S’il ne tenait qu’à la famille Touré, fondatrice, avec les Niaré, de Bamako, la capitale du Mali, le mandat de l’actuel président de la commission défense de l’Assemblée nationale ne sera pas renouvelé. La presse en a été informée.

 

Cet entretien avec les journalistes, on le devine, a été voulu pour informer l’opinion nationale. Les représentants de la famille Touré de Bamako, la mine grave, ont été clairs. Ils ne peuvent pas soutenir la liste sur laquelle figure Karim Keïta en vue des élections législatives du 29 mars prochain. Leur colère est telle que tous leurs alliés seront avec eux dans la même disposition contre le golden boy, fils du président IBK.
Pourquoi ce désamour, qui confine, à peu de chose près, à la haine ? Au coeur de la réaction outrée des Touré se trouve d’abord l’affaire bien connue de la disparition, depuis plusieurs années, du journaliste Birama Touré. Ce dernier avait levé un coin du voile sur des côtés sombres de Karim Keïta et, après cette publication, on ne l’a plus revu, depuis au moins six ans maintenant. Toutes les enquêtes diligentées pour le retrouver ont été vaines, comme noyées, sans doute parce que le principal suspect de son enlèvement est Karim Keïta, député, président de la commission défense de l’Assemblée nationale et par-dessus tout fils de l’actuel chef de l’État. Le journal Le Sphinx, employeur de Birama Touré, a eu beau jeu de mener plusieurs investigations dont les conclusions ont toutes conclu à la culpabilité du parlementaire Karim Keïta, mais la justice n’a jamais cherché à démêler l’écheveau, au point que l’opinion nationale a fini par croire qu’elle participe sciemment à un déni de justice dans l’affaire. Un désintérêt en tout cas à ce point évident qu’aucun mandat n’a été émis à ce jour. Côté enquête de la police, l’inspecteur Papa Mamby Keïta, qui passe pour un as en matière d’investigations, avait réussi, semble-t-il, à réunir plusieurs éléments allant dans le sens de la culpabilité indéniable de Karim Keïta. Mais il dut s’exiler incognito à Paris, ce qui atteste les menaces graves qui le visaient. C’est donc depuis la capitale française que le fin limier policier fait savoir, il y a un peu plus d’un an, qu’ »à l’heure où je vous parle, Birama Touré est mort ». D’ailleurs, Adama Dramé, le directeur de la publication du journal Le Sphinx, qui a été d’une ténacité professionnelle dans l’affaire, a fini, lui aussi, de fuir le pays, pour rejoindre l’inspecteur Papa Mamby Keïta dans son exil parisien.

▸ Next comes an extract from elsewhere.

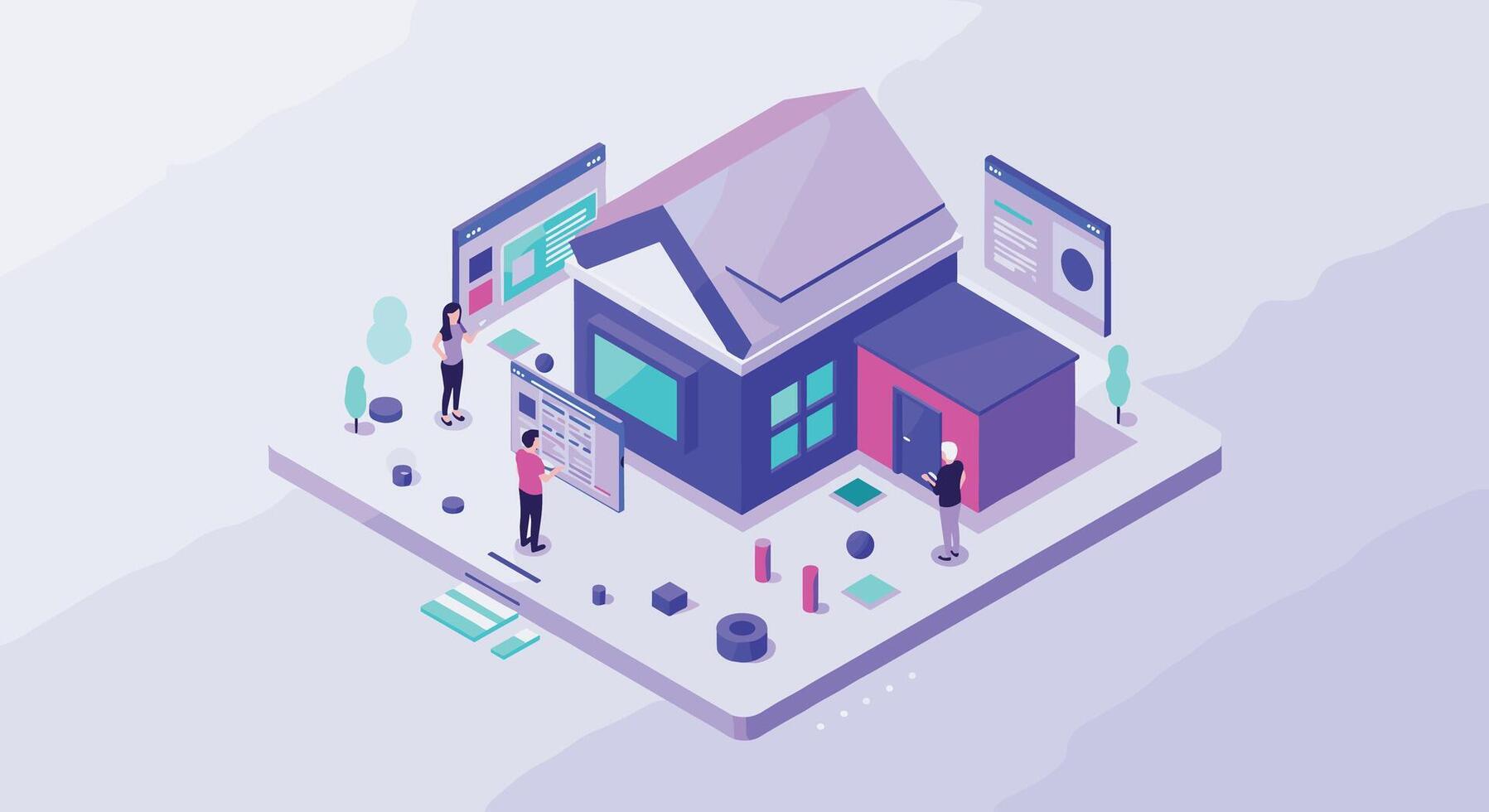 Isometric home design teamwork scene with digital interfaces and collaborative tools Pro Vector

Telle est la chronique imparfaitement esquissée de la disparition du journaliste Birama Touré, fils de la grande famille Touré de Bamako. Les siens n’ont pourtant jamais chômé dans la recherche de la vérité. Ils ont remué tous les réseaux possibles, y compris jusque dans le cercle présidentiel, mais jamais la lumière n’a pu être faite. À plusieurs reprises, ils ont demandé à Karim Keïta de venir les voir, en famille, pour expliquer ce qu’il en sait. Et jamais il n’a répondu à leur invitation, ce qui leur est resté comme un affront. Mais voilà! Le même Karim Keïta, à la faveur du renouvellement prochain du mandat des députés, se rend poliment chez le patriarche des Touré pour lui demander son soutien et, à travers lui, celui de tout son clan. Le vieil homme, sur son lit, lui donne une fin de non-recevoir et lui exprime sa colère. « Si c’est ton père que j’avais convoqué, il serait venu me voir sans délai. Mais tu es cité au centre de la disparition d’un des miens et tu n’as jamais daigné venir me fournir quelque explication que ce soit, malgré plusieurs appels… »
Mis devant son cynisme politique, Karim Keïta sort de l’entretien avec le vieux Touré et tente une manoeuvre politicienne vers le quartier de Médina-coura. Ce comportement est jugé davantage vexatoire, car considéré comme une volonté de créer la zizanie entre des autorités morales liées depuis des siècles. De quoi augmenter la colère des Touré qui font vite passer le message à leurs bans et arrière-bans. Le mot d’ordre est catégorique : pas question de soutenir une liste où figure le nom de Karim Keïta. Le renouvellement du mandat de celui-ci en devient hypothétique.